Relatedly, I’ve long been on the fence about buying an Apple Watch, but decided to buy one to help track my runs, and it’s been a surprisingly delightful piece of hardware. (I specifically bought the Apple Watch Ultra.) If I hadn’t bought it, I would absolutely not know how much I’d run, or the pace I ran at. It’s safe to say that I wouldn’t have even tried to do a pace goal, which would have considerably reduced the impact of my running workouts (e.g. only doing slow, long runs, rather than a mix of slow/long and fast/short) and results.

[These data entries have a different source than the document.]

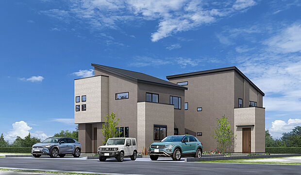 • 【スタイリッシュなシンプルスタイル】流行りのモダンテイストに暖かみをいれた外観となります。駐車場も並列2台可能となります。
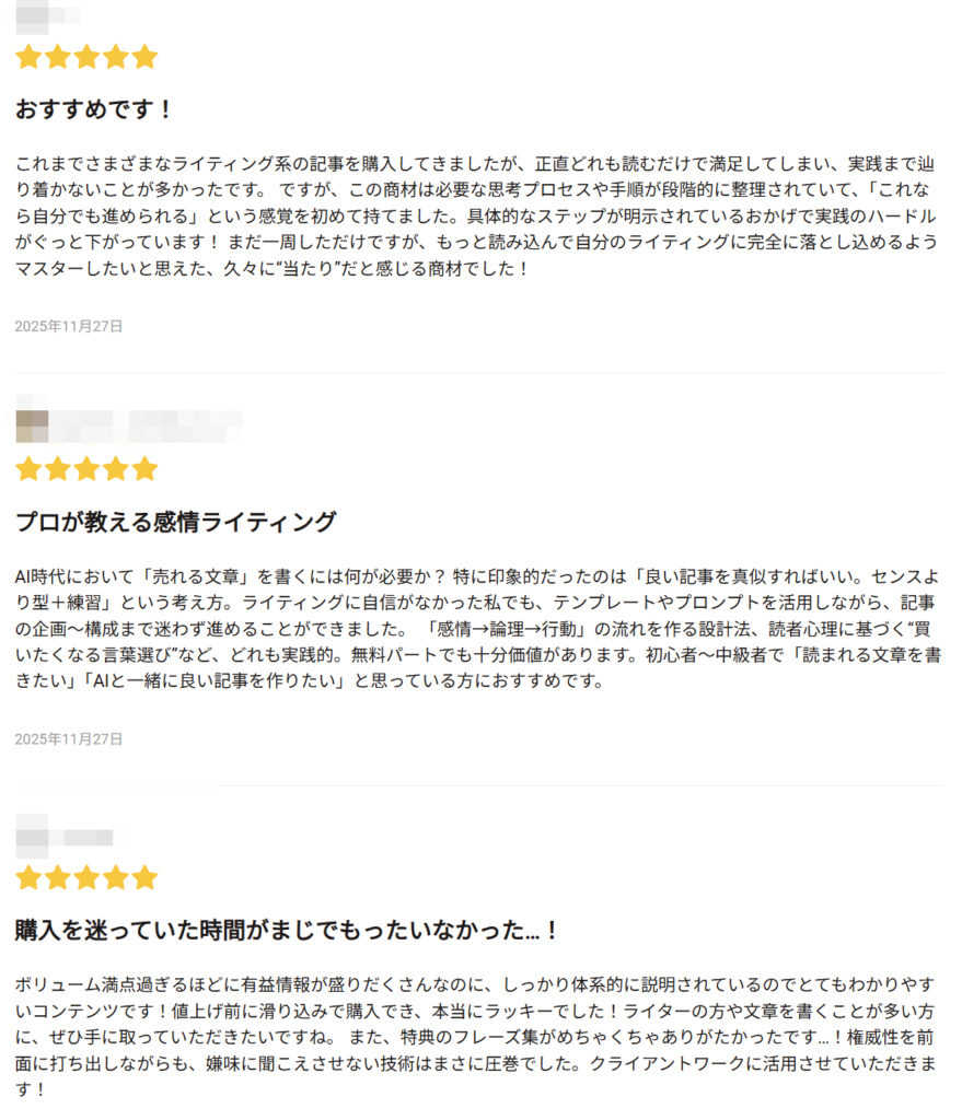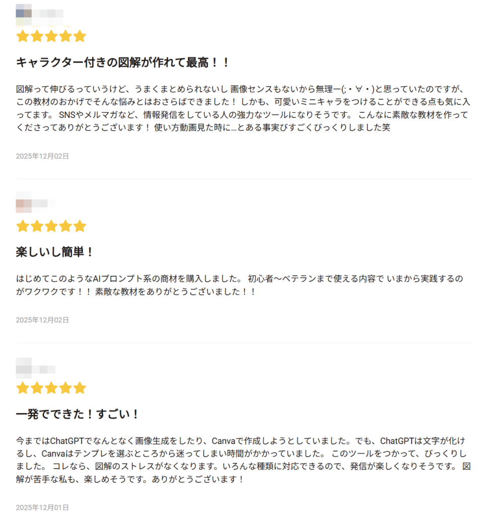• 文字化け修正法・売れるコピー解説動画・ジャンル別プロンプト10選などの購入者限定特典
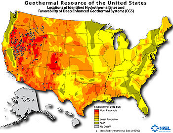 In the United States, as noted above, most geothermal power plants are located in the western states.[9] California produces the most electricity from geothermal,[9] with installed capacity estimated to 2,732.2 MW in 2012, while the USA’s second leading geothermal state, Nevada, reached 517.5 MW.[8] There are a number of geothermal plants concentrated in south central California, on the southeast side of the Salton Sea, near the cities of Niland and Calipatria, California. The Basin and Range geologic province in Nevada, southeastern Oregon, southwestern Idaho, Arizona, and western Utah is now an area of rapid geothermal development.

These are, on an absolute scale, not particularly big achievements. I know many runners who are much faster, go much longer, and are even much faster while going much longer, but it still felt good for me! I have no ambitions to be a competitive racer, I just like to push myself a bit occasionally, and particularly to continue pushing myself as I get older to remember that physical decline is in many ways a sum of choices rather than an inevitability.
Invisalign
In January, I started on Invisalign to improve parts of my bite, along with crowding in my lower front teeth. The plan was that I’d only wear them for four months, but twelve months later I’m still wearing them as the original set of trays didn’t fully work out. I’m scheduled to finish in February now, and am looking forward to no longer timing coffee consumption quite so carefully.
That’s my annual year in review for 2023! If you’re writing one, please send it my way! Love to hear what folks are working on and thinking about over the course of years.